Паша ходил в крепких середнячках. Он не тропился прощаться со своей юностью, точнее, по мнению взрослых – отрочеством. И хотя его голос напоминал рёв подрощенного медвежонка, он оставался прежним Степановым.
Извельская теперь чувствовала, что стыдится своего прежнего невнимания к этому парню. Он вдруг преобразился, словно бы из её глаза выпала магическая льдинка. Словно бы и не было того равнодушия.
«Интересно, а я ему нравлюсь?» - спросила саму себя смущенная девушка. Она вдруг почувствовала себя ощипанной гусыней. Костюм предательски выставлял её напоказ, выставлял и заставлял думать о том, о чём она раньше не думала.
Пашка шёл рядом, как верный оруженосец. И хотя вместо копья у него на плече были эти дурацкие лыжи, он выглядел героем.
До пляжа, где должен был состояться кросс она дошли за четверть часа.
- Итак, не растягиваемся. Кучнее, кучнее, - командовал физрук.

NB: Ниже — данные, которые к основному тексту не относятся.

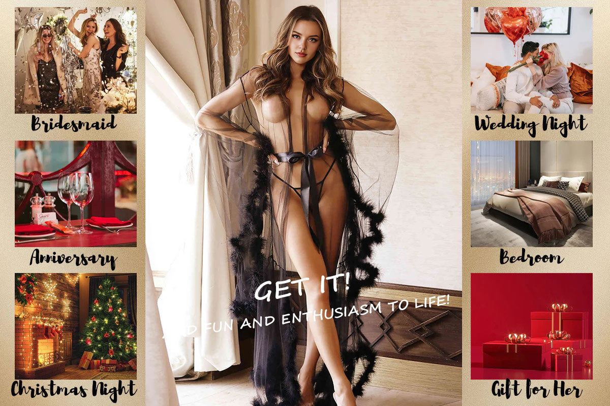 Women Plus Size Sheer Feather Long Robe Nightgown is part of the Plus Size Robes. Available in women's sexy lingerie and plus size lingerie, this line has everything you need to look and feel your best. Order today and experience the sexiness and power you can feel in the Feather Lingerie.

От его голоса у Извельской вспыхнуло лицо. Она не привыкла ходить строем, тем более в этом позорящем её костюме.
Пашке было не по себе. Он старался смотреть на Извельскую равнодушно, но отчего-то не мог, впитывая её глазами, как шприц впитывает лекарство.
Вика на мгновение присела на корточки, сметая с лыжи снежинки.
В этот февральский день она впервые почувствовала бег времени. День был таким же февральским, но он уже стеснялся и собирался уйти прочь, как чересчур деликатный гость. Солнце, что проглядывало сквозь облака, готовясь убежать на тот берег реки, затеряться за многоэтажками.
Они стартовали раздельно по двум параллельным лыжням. Парни сразу же ушли вперёд, оставив девушек далеко сзади.
Извельская старательно двигала ногами. Лыжи продвигались в слегка схваченных морозом желобках – ей становилось жарко.
Пашка был недосягаем – он обошёл уже третьего по счёту парня, обошёл и стремительно приближался к финишу.
Вика испугалась. Она вдруг представила, как воображаемая масляная краска стекает с её тела, оставляя только розовое тело, такое же, как у молодой свинки из мультфильма или раскормленной к празднику и уже ощипанной пулярки. От этих мыслей Вика покраснела, как перезревший томат.
«О чём я только думаю! – упрекнула она саму себя.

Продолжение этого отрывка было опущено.